Belsunce de Castelmoran, Henri François Xavier de
BELSUNCE DE CASTELMORAN, HENRI FRANÇOIS XAVIER DE
Bishop of Marseilles, foe of Jansenism; b. Chateau de la Force, Périgord, 1671; d. Marseilles, 1755. He was the son of the Marquis de Castelmoran and Ann de Caumont de Lausun. After classical studies at the Collège de Clermont (Louis-le-Grand), he entered the Society of Jesus, but left to become vicar-general of Agen in 1699, and bishop of Marseilles in 1709. By his heroic care of plague victims in 1720–21, he earned the title of "Good Bishop" and mention in Pope's Essay on Man. Louis XV offered him the See of Laon, with first ecclesiastical peerage in France, and the office of metropolitan of Bordeaux. Both rewards Belsunce refused. As bishop, he fought Jansenism by participating in the synod of Embrun (1727), by ordering his priests to refuse absolution to appellants against unigenitus, and by pastoral letters (although these may have been the work of the Jesuit Lemoire).

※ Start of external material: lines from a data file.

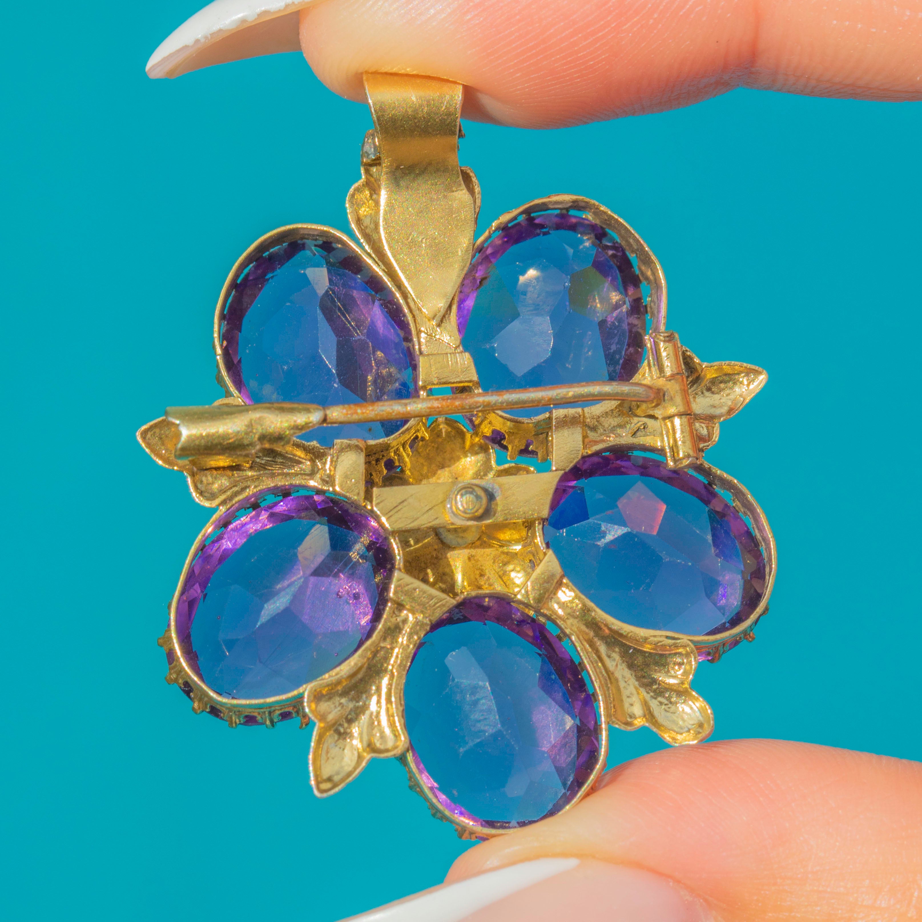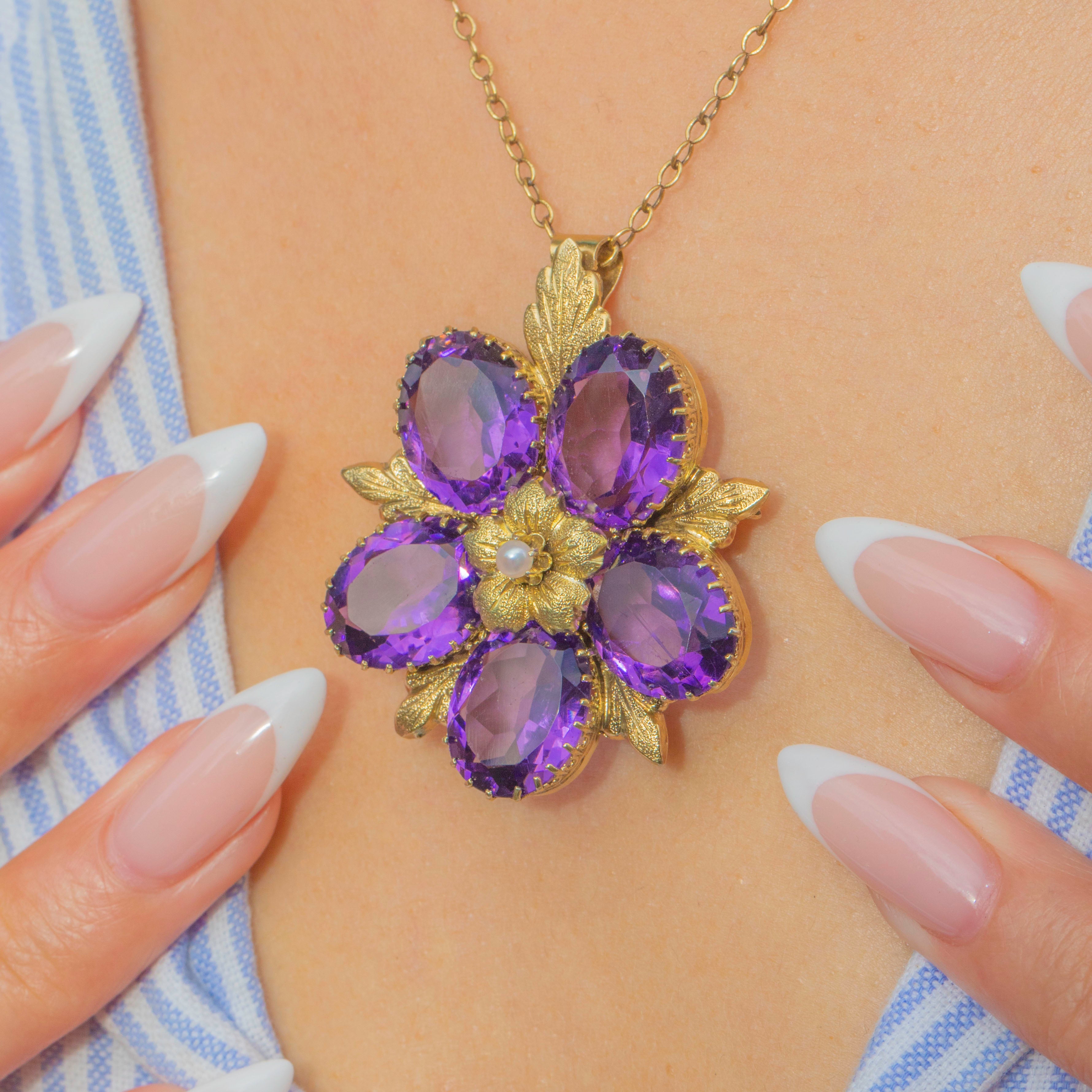 A sumptuous Victorian pendant-brooch, crafted into a striking floral cluster of deep, faceted Amethysts around a shimmering natural Pearl. The five oval Amethysts sit in textured, leaf borders over a Sterling Silver frame that has been richly gilded with 18ct Gold to give the piece the warm, burnished look. The piece comes complete with brooch fittings so it wears beautifully as a pendant on a chain or pinned to a lapel.
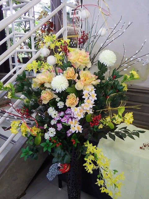 ↑今年も豪華な活け込み。相談員の書も飾ります。
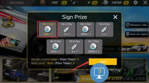 1、第一天签到奖励界面,点击红框Get按钮领取。
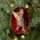 This adorable tabby kitten has six toes! Known as a hemingway cat this cute kitten is on a red background and makes a beautiful keepsake! This kitten keepsake ornament also makes a great gift!
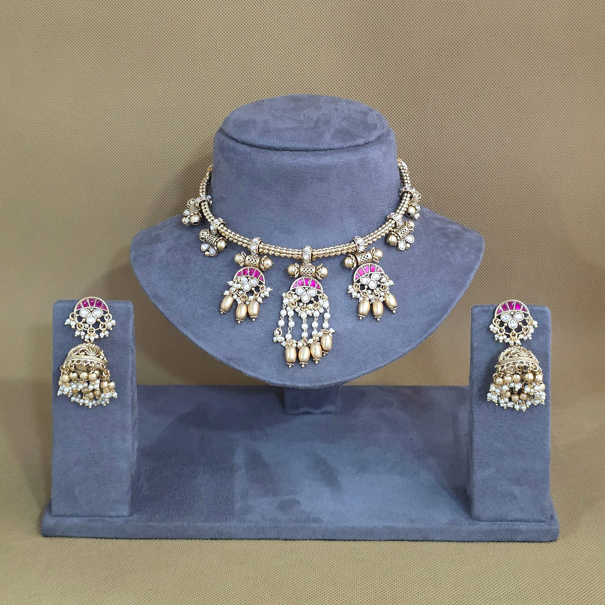 Kanhai Jewels offers an exclusive collection of finest quality crafted Fashion Jewellery in various colors. We make sure that our collection of Antique Moti Necklace Set With Matte Gold Plating are beautiful, elegent & will surely galvanize you, because our products are unique, comfortable, fashion forward & very popular for the rich look. Base Metal of our product is Alloy, i.e Mixing of Copper & Brass. We pack all the products using quality packaging material to ensure safe and secure transportation.
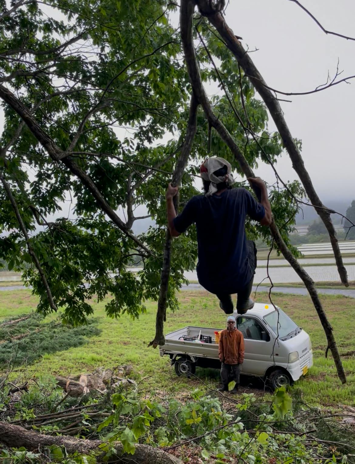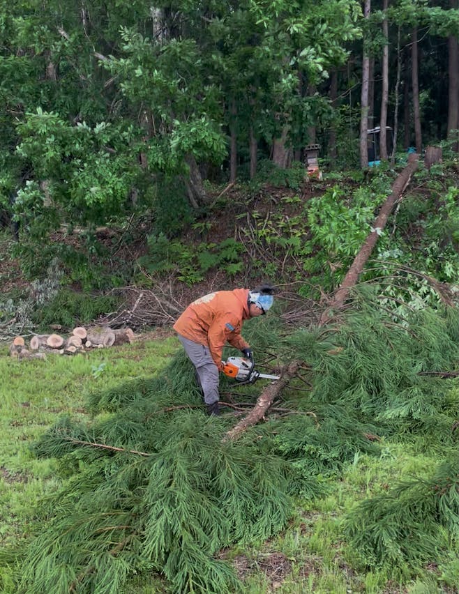 昨日のツリーハウス解体に続き、今日は森の間伐作業を行いました。
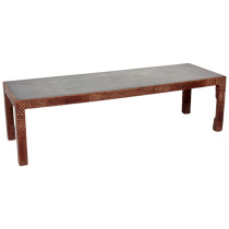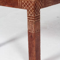Carved and ceruse oak with an incised diamond pattern pewter top
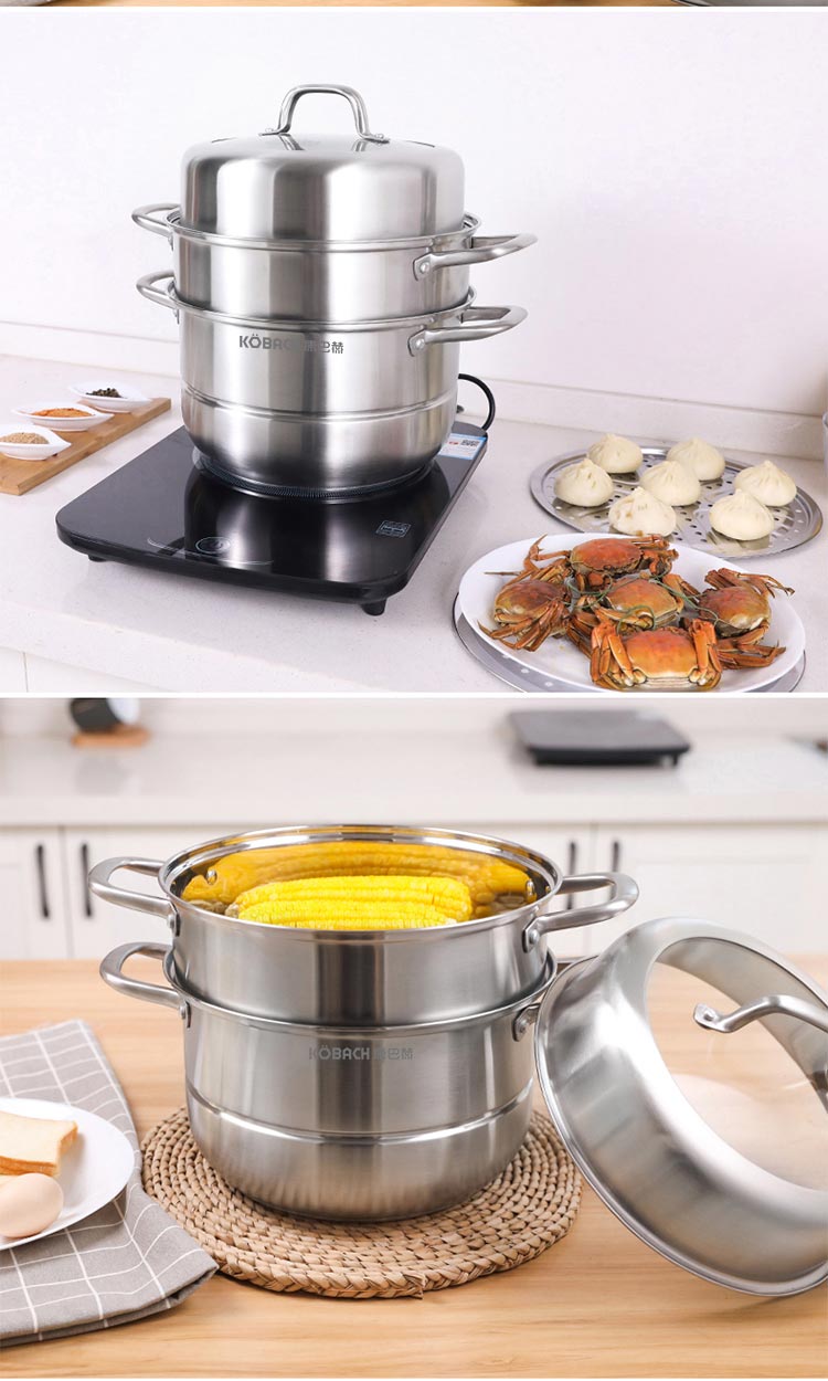 康巴赫欧式不锈钢三层底蒸锅套装28cm KBH28TB1 6957929913291 偏远运费另算
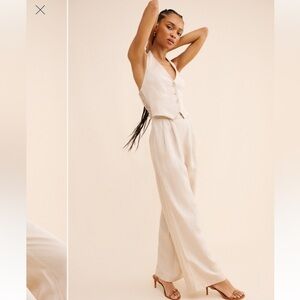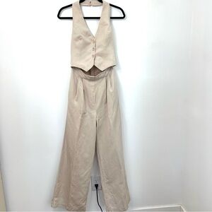 Anthropologie Astr Cream Wide Leg vestJumpsuit, size Small, linen rayon blend
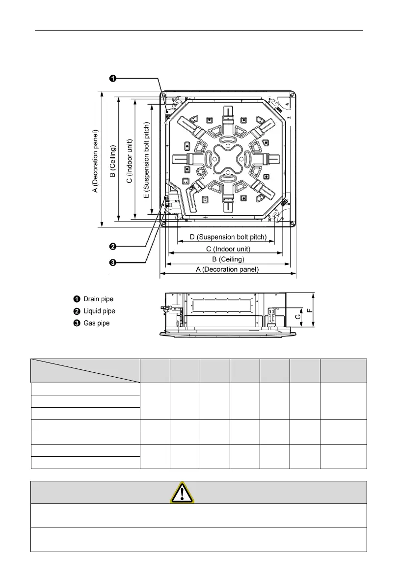 (1) Drilling of ceiling opening and installation of air conditioner must be performed

His writings include a biography of his aunt, Vie de Suzanne-Henriette de Foix (Agen 1702); Antiquités de l'Église de Marseille et la sucession de ses évèques (Marseilles 1747–51); and translations of St. Augustine's De agone christiano and St. Robert Bellarmine's De arte bene moriendi.
Bibliography: Oeuvres choisies, ed. a. jauffret, 2 v. (Metz 1822). t. bÉrengier, Vie de Mgr. Henry de Belsunce, évèque de Marseille, 2 v. (Lyon 1886–87). p. barbet–massin, Éloge de Belzunce (Paris 1821). p. calendini, Dictionnaire d'histoire et de géographie ecclésiastiques 7:951–53.